I must say I held back a bit on getting vaccinated because I thought we should let other community members, those more vulnerable, have more access to vaccines, but as more vaccines rolled in that eased up a bit. The thing that really triggered me was the Delta variant. We have seen that come across the borders. Before I speak about the trucking industry, I just want to applaud truckies, as I have done on the CB radio occasionally as I talk to them going down the road, for the work they are doing in trying times carting freight around this state and this nation. I have heard about truck drivers who have had infected noses from the number of swabs they have had to have to keep their jobs and keep on trucking, basically.

I applaud the staff right around the state and especially those at Tailem Bend, where it is not just a testing station but now a vaccination clinic that people can access, especially now that truck drivers are required to be vaccinated. I really do applaud their work, and long may it keep going to keep this state and this country functioning.

I also want to applaud the work that has been done in contact tracing. We have had exposure points located in my electorate at Pinnaroo and Tailem Bend and across the state. It has been due to the magnificent work of those contact tracers that we have not seen major outbreaks. I have seen people in my electorate—and there have been plenty impacted, I can tell you—who have isolated at home, done the right thing in home quarantine, had all the testing and we have got through it without a major issue.

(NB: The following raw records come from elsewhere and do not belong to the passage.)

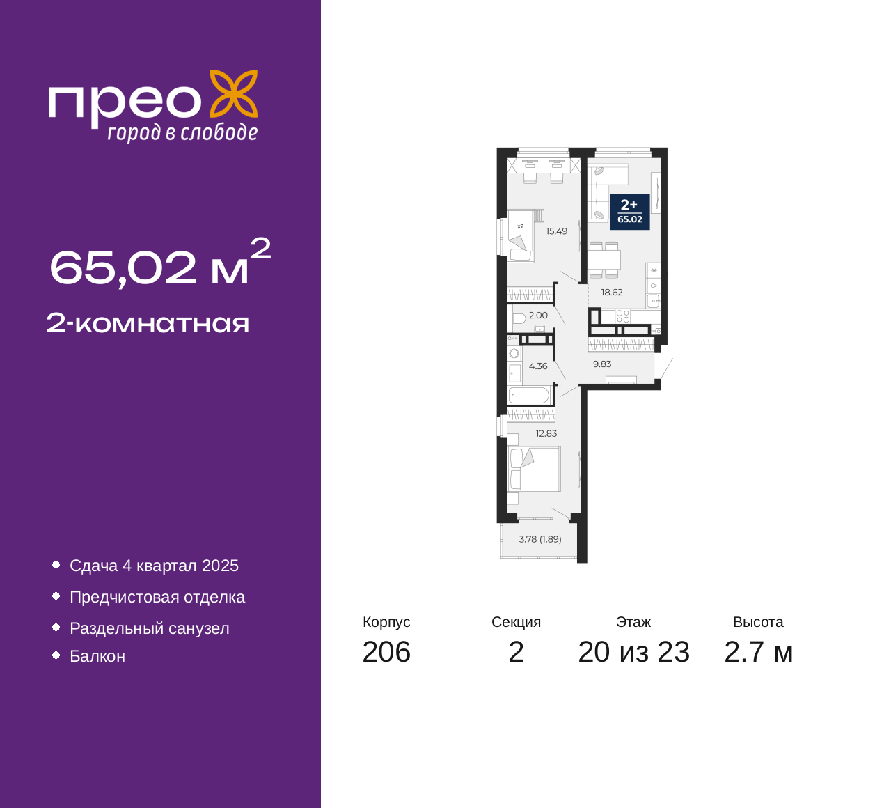 - Общая площадь 65.02 м²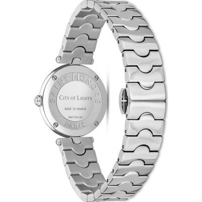 Dit Saint Honoré horloge heeft een kast gemaakt van Roestvrijstaal met een diameter van 30 mm en is voorzien van een Roestvrijstaal band. In de kast bevindt zich een Ronda kwaliteitsuurwerk en is afgewerkt met Mineraalglas.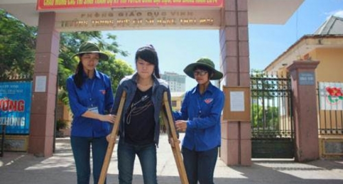 | Nguyễn Thị Phúc được sinh viên tình nguyện điểm thi THCS Đặng Thai Mai, phường Hưng Phúc (Vinh) hỗ trợ nhiệt tình. Ảnh: Nguyễn Hải. |

This is because of the tight controls. Are the tight controls upsetting? Of course they are. I have talked to students across the border in Victoria, and I know of families that have split, with one parent living in Victoria. I know the heartbreaking story of a mother who, early on in the piece, when she wanted to talk to her daughter, had to sit a metre apart from her on the Victorian-South Australian border and talk. They were not allowed to touch, otherwise she would be arrested.

An honourable member interjecting:

Mr PEDERICK: Yes, it is tough, absolutely, but this is a worldwide pandemic and we do have to keep people safe, and I applaud the initiative that people individually have taken to make sure they can support their loved ones. I want to applaud the work that is happening here because, as has already been identified in contributions, when we do open up, and we will open up, we will see Delta here—and it is not a matter of if but when—and our hospitals will need to be ready. They are being prepared with a $123 million funding boost on top of the other funding, the billions, we are putting into health, the 1,200 extra nurses and everyone else, because who knows what is going to happen.

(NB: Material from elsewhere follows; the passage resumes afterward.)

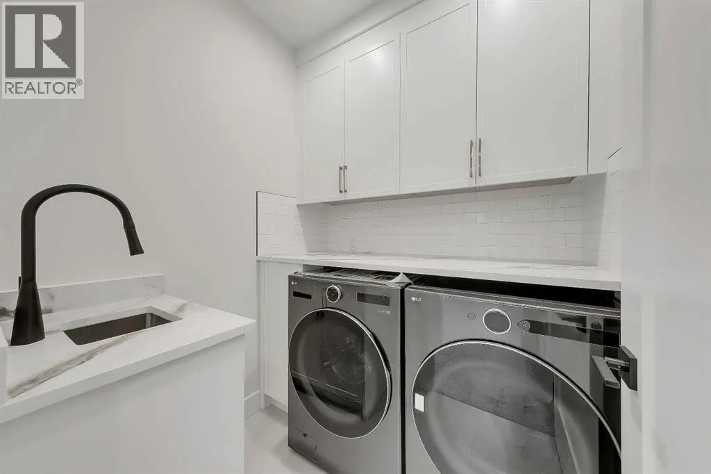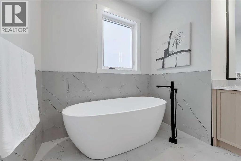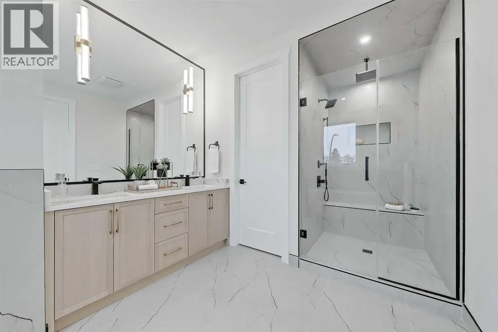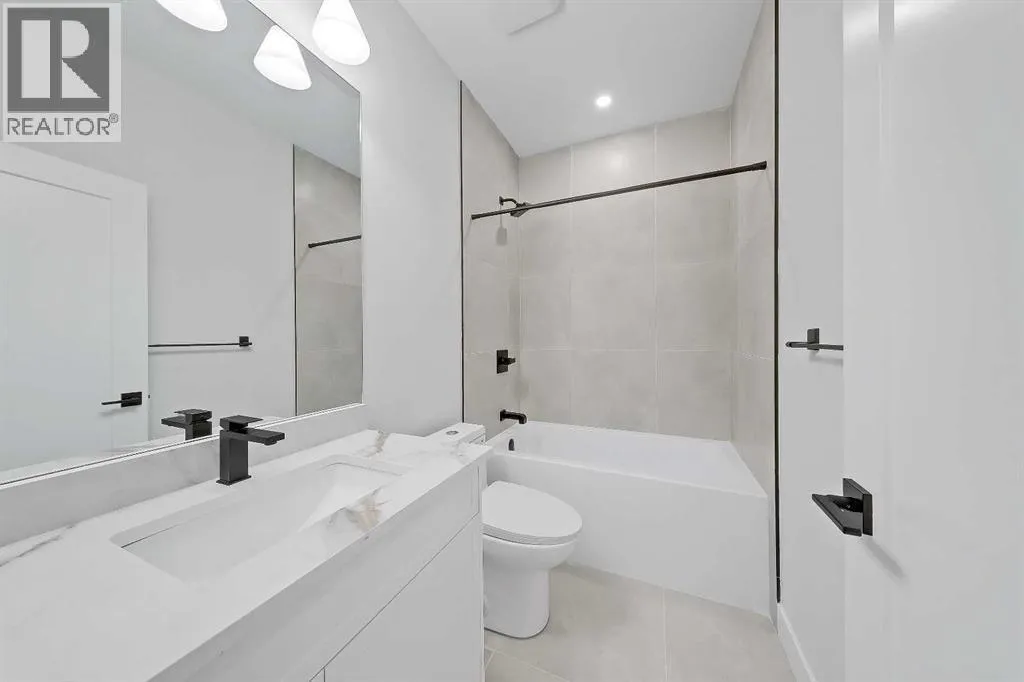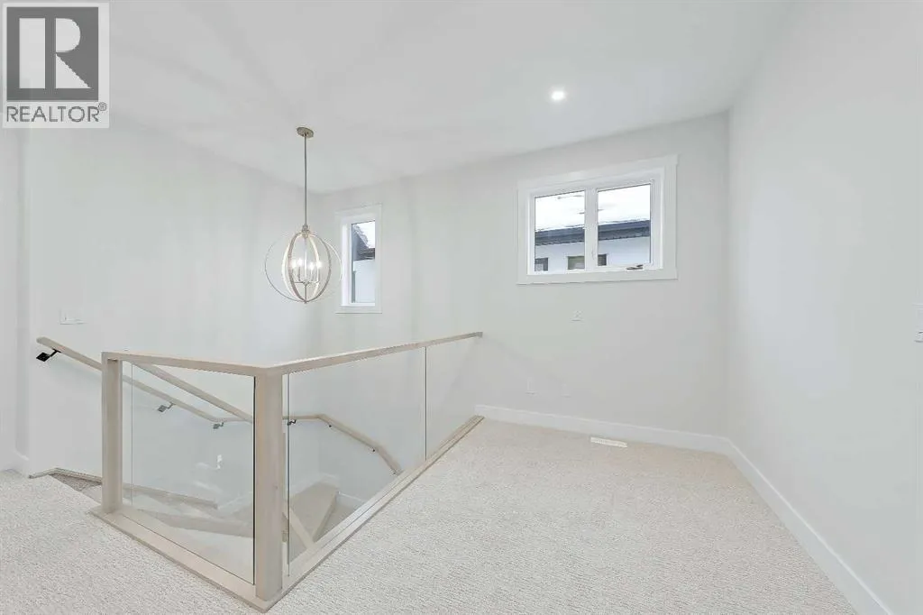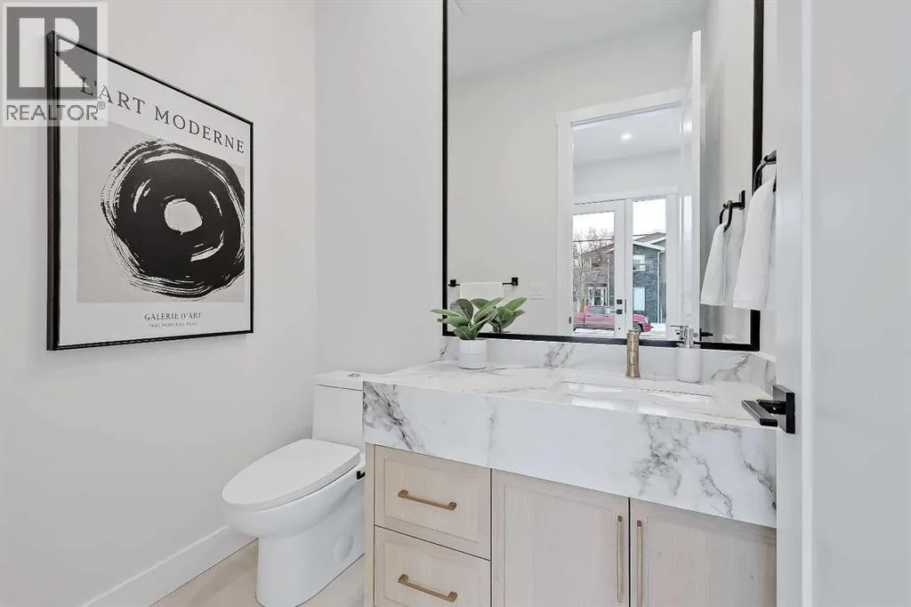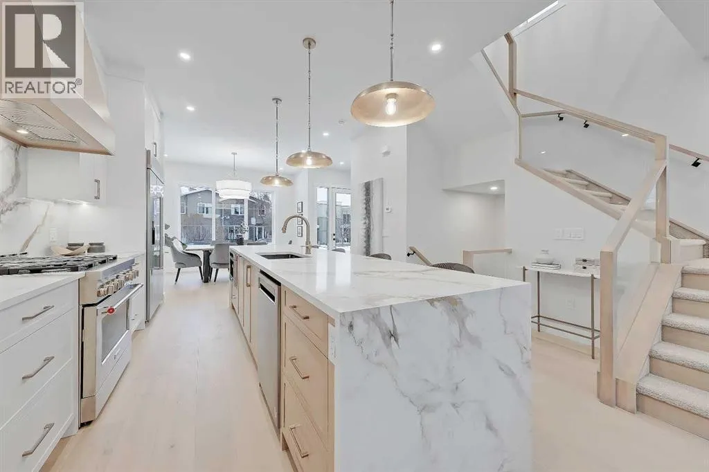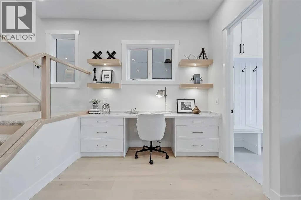 Set within sought-after KILLARNEY, this modern semi-detached home delivers light-filled interiors, a thoughtful layout, and elevated finishes that create a space that feels calm, intentional, and easy to live in. With parks, schools, and local favourites just minutes away, this is a home that supports both busy schedules and slower moments. The front entry immediately sets the tone. A welcoming foyer features CUSTOM BUILT-IN STORAGE with a bench and hooks, keeping bags, shoes, and coats neatly tucked away. Just off the entry is a stylish main floor POWDER ROOM, with quartz skirt, custom framed mirror perfectly placed for guests and day-to-day convenience without interrupting the flow of the living space. From here, the main floor opens into a clean, open layout. The kitchen sits at the centre of the home and anchors the entire level. A LARGE QUARTZ WATERFALL ISLAND creates a natural gathering point, complemented by integrated appliances, warm wood accents, and sleek cabinetry. The dining area flows easily alongside the kitchen, making it ideal for hosting or everyday meals without breaking connection. Toward the rear of the home, the living room feels comfortable and intentional. A LINEAR FIREPLACE with built-in shelving adds warmth and structure, while a BUILT-IN DESK tucked just off the living space creates an ideal work-from-home setup, homework station, or command centre that stays visually connected without taking over the room. At the back of the main floor, an ENCLOSED MUDROOM offers smart separation and functionality. Lockers and storage keep things organized, while direct access leads out to the backyard FULLY FINISHED GARAGE W/EPOXY FLOORS, making transitions effortless year-round. Upstairs, the primary suite stands out with a VAULTED CEILING and FEATURE WALL that add volume and visual interest, creating a true retreat feel. The ensuite balances style and function with a freestanding tub, glass shower, double vanity, and carefully selected finishes that fe el calm and refined. Secondary bedrooms are generously sized and easy to furnish. The upper landing adds unexpected flexibility, with enough space for a DESK, READING NOOK, or SMALL PLAY AREA, allowing this level to adapt as needs change over time. Downstairs, a spacious rec area is complemented by a DEDICATED HOME GYM complete with sports flooring and a full wall mirror. A WET BAR with floating shelves and wine fridge enhances the entertaining potential, while a bedroom and full bathroom provide comfortable space for guests or extended stays. The home is set in the heart of KILLARNEY, known for its walkability and strong local amenities. Just minutes from 17TH AVE SW, youâre close to neighbourhood favourites like Blanco Cantina & Merchants, along with nearby schools including Killarney School and Holy Name School. Optimist Athletic Park & the Killarney Aquatic & Recreation Centre are close by, while quick access to Crowchild Trail and Bow Trail keeps downtown easily within reach. (id:27476)

As I said, there certainly have been issues with border communities. In Murrayville, where my kids have played footy in the Mallee League since they were six—they are now 17 and 20, so I have a pretty fair idea what happens just across the border at Murrayville, about 30 kilometres from Pinnaroo—they had to be excluded from the football finals because of COVID and it upset them to a great degree. It was very tough. But this is the real thing with COVID management.

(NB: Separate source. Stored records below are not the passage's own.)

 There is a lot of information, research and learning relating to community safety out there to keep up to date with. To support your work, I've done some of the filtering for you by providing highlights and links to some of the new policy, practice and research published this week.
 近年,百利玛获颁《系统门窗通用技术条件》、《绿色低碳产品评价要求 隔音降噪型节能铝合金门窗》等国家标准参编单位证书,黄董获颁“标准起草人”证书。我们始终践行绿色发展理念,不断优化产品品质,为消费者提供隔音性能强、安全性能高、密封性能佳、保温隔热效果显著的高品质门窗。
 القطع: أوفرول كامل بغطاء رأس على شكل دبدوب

Of course we would like it to be easier. I applaud the work that Mehdi Doroudi is doing as the regional representative on the Transition Committee in making sure we can work our way out of how we manage COVID and manage the different levels of closures on the border. I want to applaud border communities. I acknowledge there are mental health strains because of how they have worked with this. Whether they be shearing contractors, health workers, teachers or biosecurity workers, I acknowledge everything they do, and I also want to acknowledge all the work that police, Health and our government are doing to make sure that we get through this and get through it appropriately.